Plan · Transport
Taxis and Didi (ride-hailing)
Metered taxis
Easy to flag in any city. Standard metered. Starting flag-fall ¥10–¥15 in most cities, ¥15–¥18 in Beijing/Shanghai. Per-km after the first 2–3 km is ¥2–¥3.
How to use them
- Show the driver the destination in Chinese characters (screenshot from the map app, or written down).
- The driver may not speak English.
- Pay by metered fare. WeChat or Alipay scan for payment is universal.
- Many drivers will refuse cash for small change reasons; have an electronic option.
Scams to know
- Airport tout: a man at arrivals offering 'taxi'. Use the official taxi rank (排队) instead. The metered taxi is far cheaper.
- Unmetered ride: in Beijing and Shanghai some 'gypsy' drivers don't run the meter. Insist on the meter (打表) or get out.

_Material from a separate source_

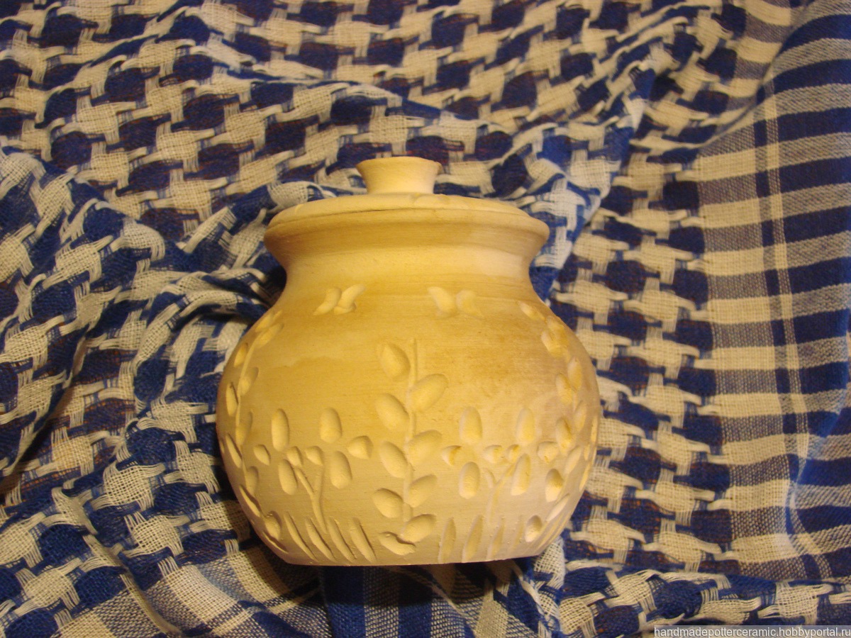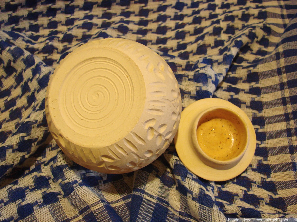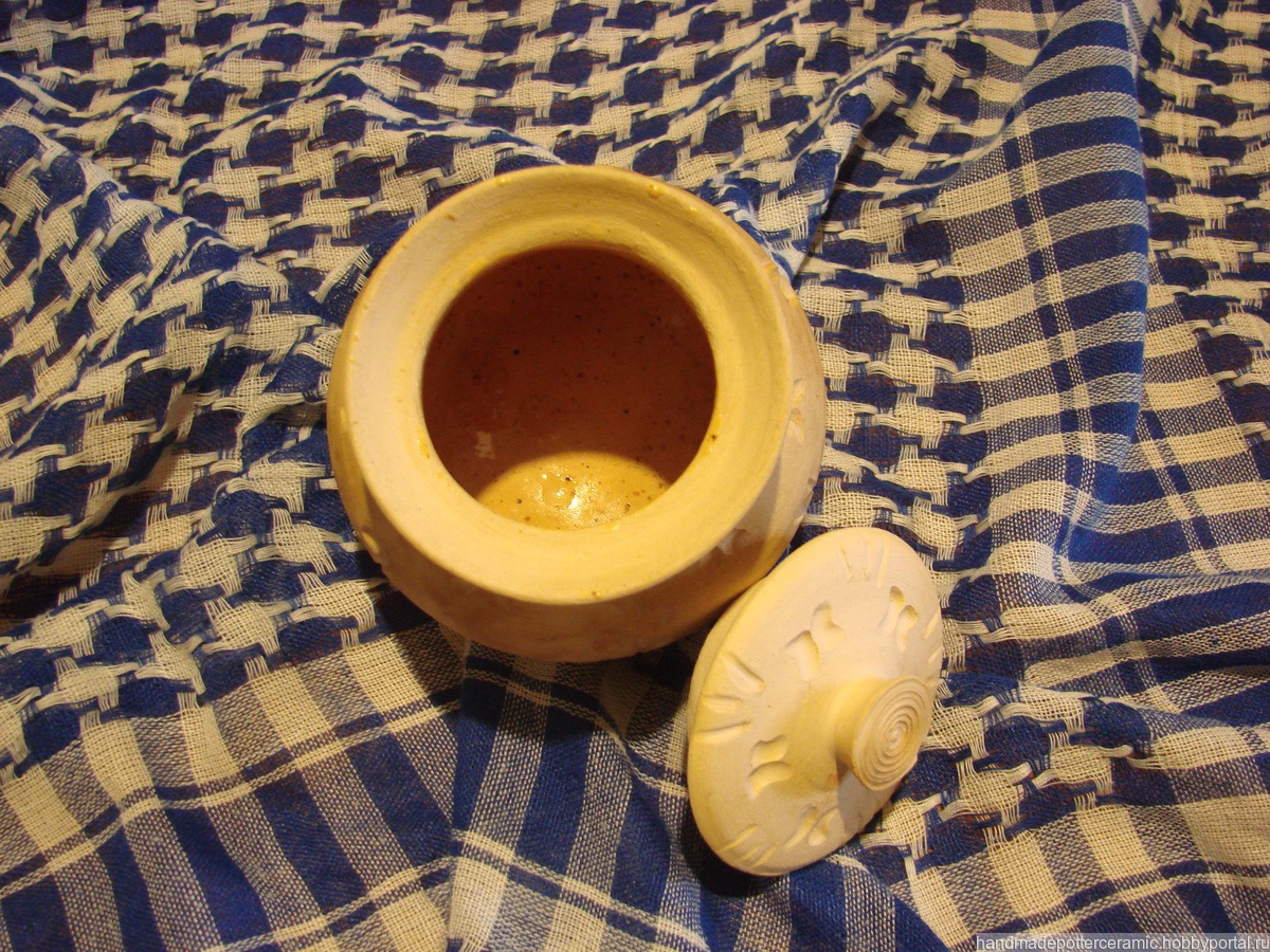 Сахарница с крышкой сделана вручную из глины, внутри покрыта песчаного цвета с вкраплениями глазурью, крышка тоже, снаружи вырезан узор и замолочена (покрыто молоком и обожжено при 350 градусах), из-за этого мыть ее в посудомойке крайне нежелательно.

- Long route: less common with GPS-equipped taxis, but possible. Watch the route on your map.
Didi
Didi is the dominant ride-hailing app. The Didi app has an English mode that works for most foreigners. Steps: 1. Download the Didi app, register with a foreign mobile number. 2. Add a payment method (Alipay/WeChat link, or sometimes direct card). 3. Set pickup and destination by typing Chinese or English. 4. Choose Express, Comfort or Premier (different price tiers) plus the option for 'metered taxi via Didi' if you prefer. 5. Confirm; the system assigns a car and driver. 6. Driver doesn't see your phone number; communication via in-app voice.
Didi is generally cheaper than metered taxis for the same trip and avoids any language friction at the start.
Hong Kong and Macau
HK Taxi (red, urban; green, New Territories; blue, Lantau) — flag-fall HK$29. No Didi; Hong Kong has Uber but with limited fleet. The HKTaxi app and the FlyTaxi app book taxis.
Macau taxis ride-hailing is limited. Most travellers use the casino shuttle buses.